# Goodness of Fit Metrics

Link: [http://charlesreid1.com/wiki/Response_Surface_Methodology](http://charlesreid1.com/wiki/Response_Surface_Methodology)

## Analysis of Variance (ANOVA Table)

ANOVA is a statistical technique that builds a table attributing the variance in the system response to various degrees of freedom.
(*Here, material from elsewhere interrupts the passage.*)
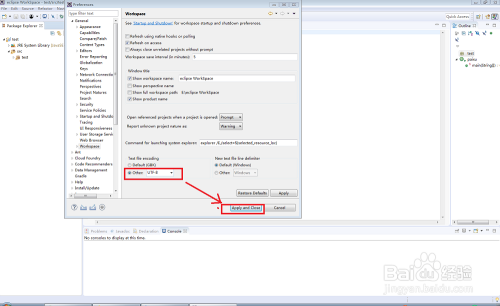 将"text file coding"编码体例点窜为【Other】--【UTF-8】,再点击"Apply"应用就可以了。

Each piece of data about the real system contributes one degree of freedom, which can go toward estimating a new coefficient, or can go toward estimating the variance in the model.

Bibliography note: Mason ch. 6, 8 - derived in 6.1

For ANOVA of linear regression models, need to define a few quantities.

Total sum of squares: 

$$
TSS = \sum \left( y_i - \overline{y} \right)^2
$$

Error sum of squares:

$$
SSE = \sum \left( y_i - \hat{y}_i \right)^2
$$

Model sum of squares (regression sum of squares):

$$
SSR = \sum \left( \hat{y}_i - \overline{y} \right)^2
$$

### Univariate Linear Model

(Sample ANOVA table constructed for a linear univariate function)

### Multiple Linear Model

Important not just to assess overall fit of prediction equation

Also important to assess contribution of individual predictor variables to the fit

Many commonly-reported measures of model fitness are part of ANOVA table

Multivariate models: p degrees of freedom for sum of squares due to regression (because p coefficients {\beta_1, \beta_2, \dots \beta_p} must be estimated to obtain regression sum of squares

(Sample ANOVA table constructed for multiple linear function)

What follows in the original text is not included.